ABOUT THIS TASK:
Word for word, please copy the listing below, with its pictures left out.

RECORDS SUPPLIED:
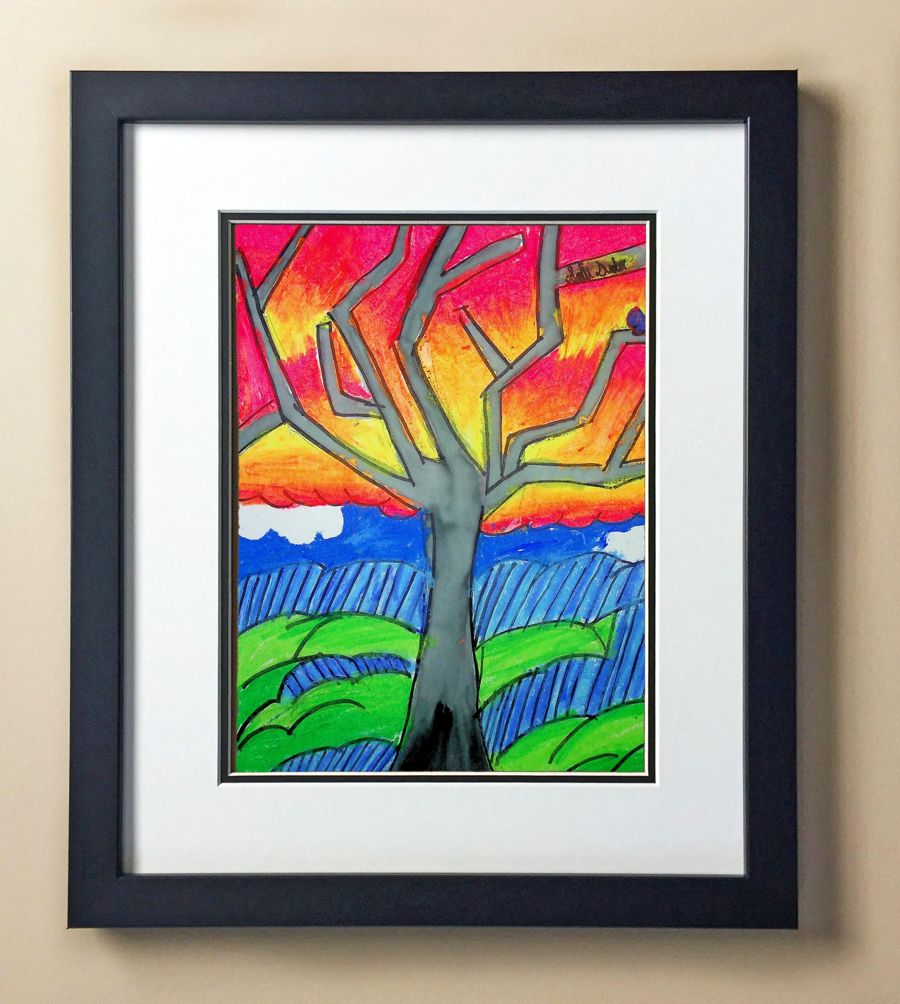 Included with the purchase is the Students Artwork, Frame, double matboard, shatter proof plexiglass, and a ready to hang backerboard with turnbuttons
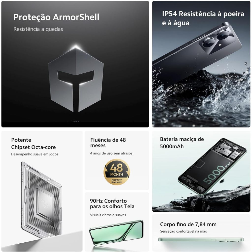 "Realme Note 60x: Tecnologia Inovadora ao Seu Alcance!" O Realme Note 60x é um smartphone Android projetado para oferecer uma experiência prática e funcional. Ele possui uma tela IPS LCD de 6,74 polegadas com taxa de atualização de 90Hz, proporcionando visuais suaves e confortáveis. Com 128GB ou 64GB de armazenamento interno e 4GB ou 3GB de RAM, é ideal para tarefas do dia a dia e armazenamento de arquivos essenciais O Realme Note 60x também conta com conectividade 4G, Wi-Fi, Bluetooth e GPS, além de suporte para Dual SIM. É uma opção acessível para quem busca um smartphone funcional e com boa relação custo-benefício. ESPECIFICAÇÕES: COR - Verde ou Preto (escolher a cor desejada) MEMÓRIA INTERNA 64GB [escolha o modelo desejado] MEMÓRIA RAM 3GB RAM [escolha o modelo desejado] PROCESSADOR - Octa Core, (2x1.8 GHz Cortex-A75 & 6x1.8 GHz Cortex-A55) SISTEMA OPERACIONAL - Android 14 com interface Realme UI TELA - IPS LCD de 6,74 polegadas com resolução HD+ (720x1600 pixels) e taxa de atualização de 90Hz. CÂMERA - Principal 8MP (MegaPix) - Câmera Frontal de 5MP f/2.2 - adequadas para fotos e vídeos básicos. SIM CARD - Dual SIM (Nano) - ( segundo cartão SIM e/ou cartão de memória Micro SD não podem ser usados simultaneamente) BATERIA - 5.000 mAh MEMÓRIA EXTERNA - Suporta cartão Micro SD (até 256GB) CONECTIVIDADE WIRELESS - Suporte a Wi-Fi dual-band, Bluetooth 5.0 e GPS CONTEÚDO DA EMBALAGEM: - O smartphone Realme Note 60x - Um carregador com cabo USB Type-C - Capa protetora para o aparelho - Ferramenta para ejetar o SIM card - Guia rápido e informações importantes
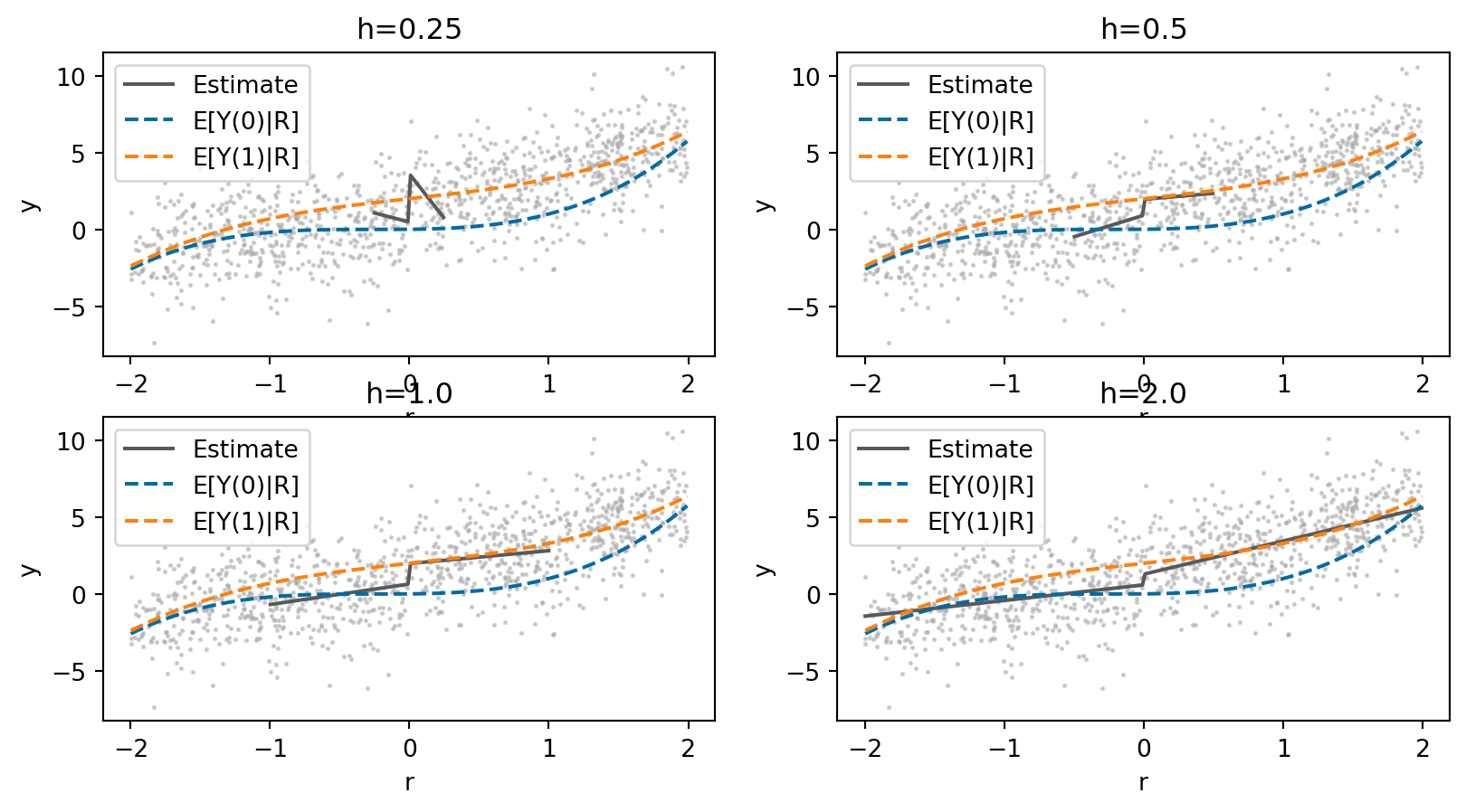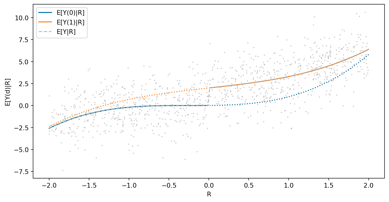 ax.plot(r,list(map(lambda r: pdr(r)*Ey(1,r) + (1-pdr(r))*Ey(0,r),r)), color='C2', label="E[Y|R]", linestyle="--", alpha=0.8)
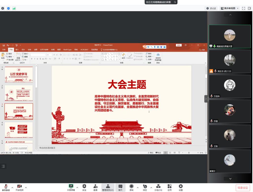 会上,周志洋带领大家深入学习了党的二十大精神的主要内容,并对新时代十年伟大变革的重大意义、未来五年党和国家各项事业发展的战略部署以及“三个务必”和“五个必由之路”的深刻内涵进行了分享。任程宇和苏瑾两位老师则分别结合同学们的专业方向对党的二十大报告中关于经济建设的重要论述进行了解读,苏瑾老师同时还就学院近期的员工工作安排进行了部署。2021专硕党支部党员魏嘉斌则结合个人的军旅经历,讲述了自己参军入伍,报效祖国的心路历程。会议在同学们观看“对话二十大代表”及“二十大时光”的视频中达到高潮。会后,大家结合自身学习情况和近期规划安排现场进行了交流学习。
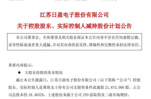 2月27日,日盈电子(SH603286,股价66.36元,市值77.90亿元)控股股东、实际控制人是蓉珠因“个人资金需求”,抛出了最高减持公司3%股份的计划。
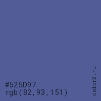 Цвет #525D97 в цветовой модели RGB обозначается тремя октетами (82, 93, 151) в десятичном формате и #525D97 в шестнадцатиричном (hex) формате, которые являются интенсивностью красного 82 (hex 52), интенсивность зелёного 93 (hex 5D) и интенсивность синего 151 (hex 97).
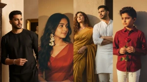 "Ultra realistic, 8K resolution cinematic portrait of a person indoors. He is leaning against a beige wall next to an antique dark wooden cabinet with intricate floral carvings, mirror panels, and decorative knobs. He wears a well-fitted, deep black textured kurta with rolled-up sleeves, accessorized with a silver bracelet on his wrist and His hair is styled neatly, Face with the face from the uploaded image, keeping the facial features, exactly the same. giving him a confident and thoughtful expression as he gazes slightly away from the camera. Soft warm lighting creates realistic shadows on his face and surroundings, enhancing the contours and fabric details. In the background, a framed classical painting adds elegance to the vintage setting. The reflection in the mirrors is soft and adds depth. The overall scene feels sophisticated, calm, and intimate, with sharp details, realistic textures, and natural colors that highlight the ambiance of the room."

TASK SOLUTION:
 Included with the purchase is the Students Artwork, Frame, double matboard, shatter proof plexiglass, and a ready to hang backerboard with turnbuttons
 "Realme Note 60x: Tecnologia Inovadora ao Seu Alcance!" O Realme Note 60x é um smartphone Android projetado para oferecer uma experiência prática e funcional. Ele possui uma tela IPS LCD de 6,74 polegadas com taxa de atualização de 90Hz, proporcionando visuais suaves e confortáveis. Com 128GB ou 64GB de armazenamento interno e 4GB ou 3GB de RAM, é ideal para tarefas do dia a dia e armazenamento de arquivos essenciais O Realme Note 60x também conta com conectividade 4G, Wi-Fi, Bluetooth e GPS, além de suporte para Dual SIM. É uma opção acessível para quem busca um smartphone funcional e com boa relação custo-benefício. ESPECIFICAÇÕES: COR - Verde ou Preto (escolher a cor desejada) MEMÓRIA INTERNA 64GB [escolha o modelo desejado] MEMÓRIA RAM 3GB RAM [escolha o modelo desejado] PROCESSADOR - Octa Core, (2x1.8 GHz Cortex-A75 & 6x1.8 GHz Cortex-A55) SISTEMA OPERACIONAL - Android 14 com interface Realme UI TELA - IPS LCD de 6,74 polegadas com resolução HD+ (720x1600 pixels) e taxa de atualização de 90Hz. CÂMERA - Principal 8MP (MegaPix) - Câmera Frontal de 5MP f/2.2 - adequadas para fotos e vídeos básicos. SIM CARD - Dual SIM (Nano) - ( segundo cartão SIM e/ou cartão de memória Micro SD não podem ser usados simultaneamente) BATERIA - 5.000 mAh MEMÓRIA EXTERNA - Suporta cartão Micro SD (até 256GB) CONECTIVIDADE WIRELESS - Suporte a Wi-Fi dual-band, Bluetooth 5.0 e GPS CONTEÚDO DA EMBALAGEM: - O smartphone Realme Note 60x - Um carregador com cabo USB Type-C - Capa protetora para o aparelho - Ferramenta para ejetar o SIM card - Guia rápido e informações importantes
 ax.plot(r,list(map(lambda r: pdr(r)*Ey(1,r) + (1-pdr(r))*Ey(0,r),r)), color='C2', label="E[Y|R]", linestyle="--", alpha=0.8)
 会上,周志洋带领大家深入学习了党的二十大精神的主要内容,并对新时代十年伟大变革的重大意义、未来五年党和国家各项事业发展的战略部署以及“三个务必”和“五个必由之路”的深刻内涵进行了分享。任程宇和苏瑾两位老师则分别结合同学们的专业方向对党的二十大报告中关于经济建设的重要论述进行了解读,苏瑾老师同时还就学院近期的员工工作安排进行了部署。2021专硕党支部党员魏嘉斌则结合个人的军旅经历,讲述了自己参军入伍,报效祖国的心路历程。会议在同学们观看“对话二十大代表”及“二十大时光”的视频中达到高潮。会后,大家结合自身学习情况和近期规划安排现场进行了交流学习。
 2月27日,日盈电子(SH603286,股价66.36元,市值77.90亿元)控股股东、实际控制人是蓉珠因“个人资金需求”,抛出了最高减持公司3%股份的计划。
 Цвет #525D97 в цветовой модели RGB обозначается тремя октетами (82, 93, 151) в десятичном формате и #525D97 в шестнадцатиричном (hex) формате, которые являются интенсивностью красного 82 (hex 52), интенсивность зелёного 93 (hex 5D) и интенсивность синего 151 (hex 97).
 "Ultra realistic, 8K resolution cinematic portrait of a person indoors. He is leaning against a beige wall next to an antique dark wooden cabinet with intricate floral carvings, mirror panels, and decorative knobs. He wears a well-fitted, deep black textured kurta with rolled-up sleeves, accessorized with a silver bracelet on his wrist and His hair is styled neatly, Face with the face from the uploaded image, keeping the facial features, exactly the same. giving him a confident and thoughtful expression as he gazes slightly away from the camera. Soft warm lighting creates realistic shadows on his face and surroundings, enhancing the contours and fabric details. In the background, a framed classical painting adds elegance to the vintage setting. The reflection in the mirrors is soft and adds depth. The overall scene feels sophisticated, calm, and intimate, with sharp details, realistic textures, and natural colors that highlight the ambiance of the room."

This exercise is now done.